Старший лесничий был в свойственной ему сдержанной манере очень приветлив со мной, а я разглядывал каждое ружье с дотошностью, на какую только был способен. На душе у меня было неспокойно, я напряженно вслушивался, что происходит в соседней комнате, и то, что я слышал, не вселяло в меня уверенности.
Поначалу спокойная, на полутонах беседа постепенно перешла на шепот, что продолжалось довольно долго, потом послышались отдельные резкие выкрики, и вдруг, пока я с неприятным предчувствием вслушивался целую минуту, разыгрывая комедию с очередным ружьем, до меня донесся – и до старшего лесничего, к сожалению, тоже – возбужденный голос Ханса Амштайна, громкий, почти крик.
– В чем дело? – воскликнул старший лесничий и рывком открыл дверь.
Саломея встала и спокойно сказала:
– Господин Амштайн удостоил меня чести, папа, сделал мне предложение. Но мне кажется, я должна его отклонить…
Ханс был вне себя.
– Как тебе не стыдно! – закричал он гневно. – Сначала ты меня почти силой увела от другой, а теперь…
Старший лесничий прервал его. Холодно и немного насмешливо он попросил объяснения по поводу увиденной сцены. Так как Ханс после долгого молчания начал, с трудом сдерживая себя, рассказывать хрипящим и задыхающимся от гнева и возбуждения голосом, запинаясь от смущения и не находя нужных слов, я почувствовал, что должен вмешаться, и, возможно, тем самым только усугубил все дело.

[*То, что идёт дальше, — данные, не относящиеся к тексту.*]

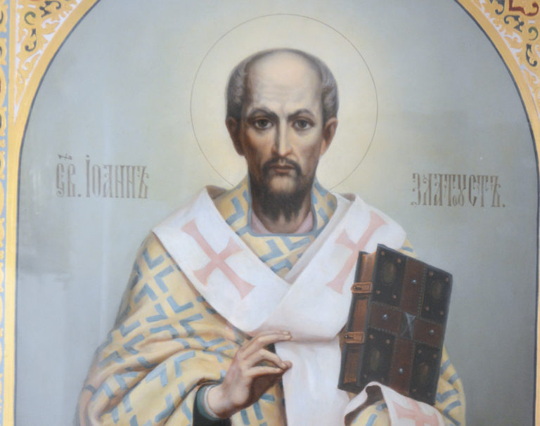 Pyhä Johannes Krysostomos kuvattuna Pappilatalon Kotikirkon ikonostaasissa. Kuva: Helsingin ortodoksinen seurakunta

Я попросил старшего лесничего уделить мне немного внимания и рассказал ему все, что знал. Я не скрывал ни малейшей уловки, с помощью которой Саломея завлекла моего друга в свои сети. Я не умолчал и о том, что видел своими глазами ночью. Старый господин не издал ни звука; внимательно выслушав, закрыл глаза и сделал страдальческое лицо. Через пять минут мы вернулись в зал для гостей, где нашли Ханса одного в полном ожидании.
– Я выслушал странные вещи, – сказал старший лесничий хорошо поставленным твердым голосом. – Судя по всему, моя дочь заигрывала с вами. Но только вы забыли, что Саломея еще ребенок.
Ребенок, сказал он, дитя!
– Я строго поговорю с ней и ожидаю вас завтра в это же время для дальнейших объяснений.
Чопорным жестом он указал нам на дверь, и мы тихо и униженно поплелись восвояси. Но вскоре нам пришлось ускорить темп, потому что над нашим городом разразилась страшная гроза, и, несмотря на все сердечные страдания, мы припустились бежать во всю прыть, спасая от дождя наши парадные мундиры.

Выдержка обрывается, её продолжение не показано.